LEBARAN, ANAK, DAN KUPU-KUPU
Abdul Rahman Shaleh
Tak terasa hari ini sudah memasuki hari keenambelas dari bulan ramadhan. Itu berarti sudah separoh bulan umat Muslimin menjalankan ibadah ramadhan dan lebaran pun tinggal hitungan hari tak sampai dua minggu. Merayakan Hari Raya Idul Fitri bagi pun sudah merupakan tradisi membudaya. Lebaran yang ditunggu sesungguhnya merupakan hari raya memperingati kembalinya manusia kepada fitrahnya. Fitrah adalah potensi dasar kemanusiaan yang secara kodrati cenderung kepada kebenaran. Dengan berakhirnya puasa berarti kemenangan melawan hawa nafsu pun telah diraih dan disimbolkan melalui “Minal ‘aidin wal faizin”, semoga kita termasuk orang-orang yang kembali dan yang menang.
Kegembiran lebaran biasanya disikapi dengan berbagai macam cara dan perilaku. Ada yang bilang hari raya lebaran/ idul fitri dengan baju baru itu jadul dan ada juga yang bilang lebaran tanpa baju baru itu “like an angel without wings” karena baju lebaran kudu, musti, harus ada. Anak-anak biasanya menandai Lebaran dengan baju baru, ketupat, kue-kue yang enak, makanan lezat, dapat tambahan uang jajan dari kakek dan nenek, dan sebagainya. Tapi, berkaitan dengan makna Lebaran itu sendiri sebenarnya terkandung makna yang lebih esensial dibandingkan hanya sejumlah ritual yang memang sudah dilakukan selama ini.

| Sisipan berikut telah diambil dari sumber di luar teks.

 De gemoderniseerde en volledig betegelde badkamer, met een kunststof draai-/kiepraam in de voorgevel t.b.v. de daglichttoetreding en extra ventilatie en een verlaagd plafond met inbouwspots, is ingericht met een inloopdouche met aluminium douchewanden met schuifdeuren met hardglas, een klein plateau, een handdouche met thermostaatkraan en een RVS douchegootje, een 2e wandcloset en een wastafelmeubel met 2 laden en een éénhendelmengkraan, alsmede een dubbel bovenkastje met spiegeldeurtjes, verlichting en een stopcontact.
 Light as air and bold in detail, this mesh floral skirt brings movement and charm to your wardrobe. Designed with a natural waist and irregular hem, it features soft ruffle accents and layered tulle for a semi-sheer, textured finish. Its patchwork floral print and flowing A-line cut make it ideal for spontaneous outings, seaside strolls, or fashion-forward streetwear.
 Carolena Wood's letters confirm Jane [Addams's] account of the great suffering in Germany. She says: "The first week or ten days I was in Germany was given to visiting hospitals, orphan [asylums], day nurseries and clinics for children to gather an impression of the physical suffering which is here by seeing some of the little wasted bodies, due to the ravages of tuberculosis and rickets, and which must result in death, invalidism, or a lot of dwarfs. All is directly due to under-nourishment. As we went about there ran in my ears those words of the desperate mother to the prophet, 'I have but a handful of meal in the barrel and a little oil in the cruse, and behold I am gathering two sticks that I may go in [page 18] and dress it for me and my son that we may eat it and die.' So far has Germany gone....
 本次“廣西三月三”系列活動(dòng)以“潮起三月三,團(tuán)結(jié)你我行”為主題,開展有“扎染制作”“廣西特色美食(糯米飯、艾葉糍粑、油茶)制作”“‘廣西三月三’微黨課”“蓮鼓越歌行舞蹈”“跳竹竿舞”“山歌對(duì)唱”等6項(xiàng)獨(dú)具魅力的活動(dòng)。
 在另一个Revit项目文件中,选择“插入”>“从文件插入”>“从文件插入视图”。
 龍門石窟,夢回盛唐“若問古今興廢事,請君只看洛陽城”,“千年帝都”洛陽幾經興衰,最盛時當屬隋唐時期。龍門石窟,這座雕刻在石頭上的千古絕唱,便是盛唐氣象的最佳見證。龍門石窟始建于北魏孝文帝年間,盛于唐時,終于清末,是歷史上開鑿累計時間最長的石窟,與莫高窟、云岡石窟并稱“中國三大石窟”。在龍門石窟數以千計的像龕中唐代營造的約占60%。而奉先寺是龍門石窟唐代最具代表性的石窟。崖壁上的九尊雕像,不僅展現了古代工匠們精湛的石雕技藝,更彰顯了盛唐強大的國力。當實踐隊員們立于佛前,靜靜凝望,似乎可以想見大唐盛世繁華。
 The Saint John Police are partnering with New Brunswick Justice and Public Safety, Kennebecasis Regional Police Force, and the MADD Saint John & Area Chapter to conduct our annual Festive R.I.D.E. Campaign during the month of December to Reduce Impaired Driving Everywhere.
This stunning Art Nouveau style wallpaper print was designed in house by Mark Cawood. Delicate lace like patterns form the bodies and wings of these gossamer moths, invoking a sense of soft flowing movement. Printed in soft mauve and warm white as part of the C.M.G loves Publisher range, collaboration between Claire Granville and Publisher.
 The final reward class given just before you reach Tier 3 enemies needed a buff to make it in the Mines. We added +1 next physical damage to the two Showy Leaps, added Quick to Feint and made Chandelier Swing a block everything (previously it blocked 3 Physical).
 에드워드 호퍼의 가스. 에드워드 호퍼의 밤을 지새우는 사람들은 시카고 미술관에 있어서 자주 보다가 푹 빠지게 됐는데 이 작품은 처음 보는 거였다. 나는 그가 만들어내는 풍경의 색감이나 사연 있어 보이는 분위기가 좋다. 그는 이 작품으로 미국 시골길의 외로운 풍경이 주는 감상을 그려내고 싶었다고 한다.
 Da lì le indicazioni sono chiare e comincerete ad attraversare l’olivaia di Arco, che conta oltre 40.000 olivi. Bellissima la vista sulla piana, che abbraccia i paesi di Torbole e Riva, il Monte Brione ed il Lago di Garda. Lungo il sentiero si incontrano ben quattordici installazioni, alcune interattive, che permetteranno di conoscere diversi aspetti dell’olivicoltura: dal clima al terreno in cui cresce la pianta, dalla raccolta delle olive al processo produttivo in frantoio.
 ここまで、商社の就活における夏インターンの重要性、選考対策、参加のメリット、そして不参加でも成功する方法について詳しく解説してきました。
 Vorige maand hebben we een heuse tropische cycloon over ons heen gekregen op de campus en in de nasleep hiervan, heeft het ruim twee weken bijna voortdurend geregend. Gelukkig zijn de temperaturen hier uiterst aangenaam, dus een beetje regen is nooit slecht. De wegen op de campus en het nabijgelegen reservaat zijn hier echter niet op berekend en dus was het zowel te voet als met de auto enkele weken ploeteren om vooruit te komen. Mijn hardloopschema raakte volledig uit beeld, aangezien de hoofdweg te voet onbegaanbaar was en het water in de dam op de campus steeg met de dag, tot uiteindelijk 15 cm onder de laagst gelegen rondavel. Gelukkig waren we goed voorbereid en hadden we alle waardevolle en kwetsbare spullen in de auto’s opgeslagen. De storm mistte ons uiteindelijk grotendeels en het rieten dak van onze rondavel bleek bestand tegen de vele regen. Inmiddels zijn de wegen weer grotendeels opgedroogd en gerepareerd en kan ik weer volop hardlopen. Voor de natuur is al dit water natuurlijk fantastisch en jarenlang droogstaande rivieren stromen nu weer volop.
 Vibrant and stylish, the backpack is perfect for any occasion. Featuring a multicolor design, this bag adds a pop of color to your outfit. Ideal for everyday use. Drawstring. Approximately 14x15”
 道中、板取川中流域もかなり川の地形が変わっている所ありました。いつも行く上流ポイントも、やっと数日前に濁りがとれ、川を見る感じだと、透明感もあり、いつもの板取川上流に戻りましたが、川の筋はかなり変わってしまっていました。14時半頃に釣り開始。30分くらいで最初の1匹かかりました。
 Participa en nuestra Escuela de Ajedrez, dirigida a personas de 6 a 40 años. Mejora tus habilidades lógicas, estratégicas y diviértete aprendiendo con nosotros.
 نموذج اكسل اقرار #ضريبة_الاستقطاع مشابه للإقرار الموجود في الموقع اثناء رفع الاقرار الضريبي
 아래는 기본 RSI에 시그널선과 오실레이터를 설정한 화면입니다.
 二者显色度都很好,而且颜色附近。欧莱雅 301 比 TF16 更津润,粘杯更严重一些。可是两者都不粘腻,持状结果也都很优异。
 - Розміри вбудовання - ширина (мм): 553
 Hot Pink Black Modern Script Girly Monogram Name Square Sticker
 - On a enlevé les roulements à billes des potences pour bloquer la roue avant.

Tak heran memang anak-anak memaknai lebaran sebagai sesuatu yang identik dengan hadiah dan kebaruan. Secara psikologis, ini berhubungan dengan tahapan perkembangan kognitif, mereka memang belum mampu memaknai sesuatu secara esensial. Secara social, ini dikarenakan tradisi yang tersosialisasi pada diri kita. Hal ini jika tidak hati-hati akan berdampak pada sikap materialistic dan asosial (karena takut dilihat orang jika tidak pakaian baru. Oleh karena itu, perlu kiranya mengajar makna lebaran bagi anak. Melalui ritual kebersamaan dan pemberian pemahaman mengenai makna puasa seperti yang dituliskan sebelumnya, orang tua dapat mengajarkan makna lebaran. Lebaran merupakan hadiah bagi orang yang belajar berpuasa dan merayakan kemenangannya. Ibarat ulat yang masuk ke dalam kepompong, bertahan selama 36 hari di dalam kepompong, berpuasa dan hanya berzikir, kemudian meraih kemenangan saat menjadi kupu-kupu yang cantik dan gembira. Kita adalah kupu-kupu itu yang tampil cantik meski tidak berbaju baru, karena kecantikan itu adalah hati kita yang telah bersih saat kita berlatih di bulan ramadhan. Kita layak merayakan kegembiraan setelah melatih diri selama sebulah penuh di bulan ramadhan, dan kegembiraan itu tidaklah berarti jika kalah di bulan ramadhan. Selamat meraih kemenangan.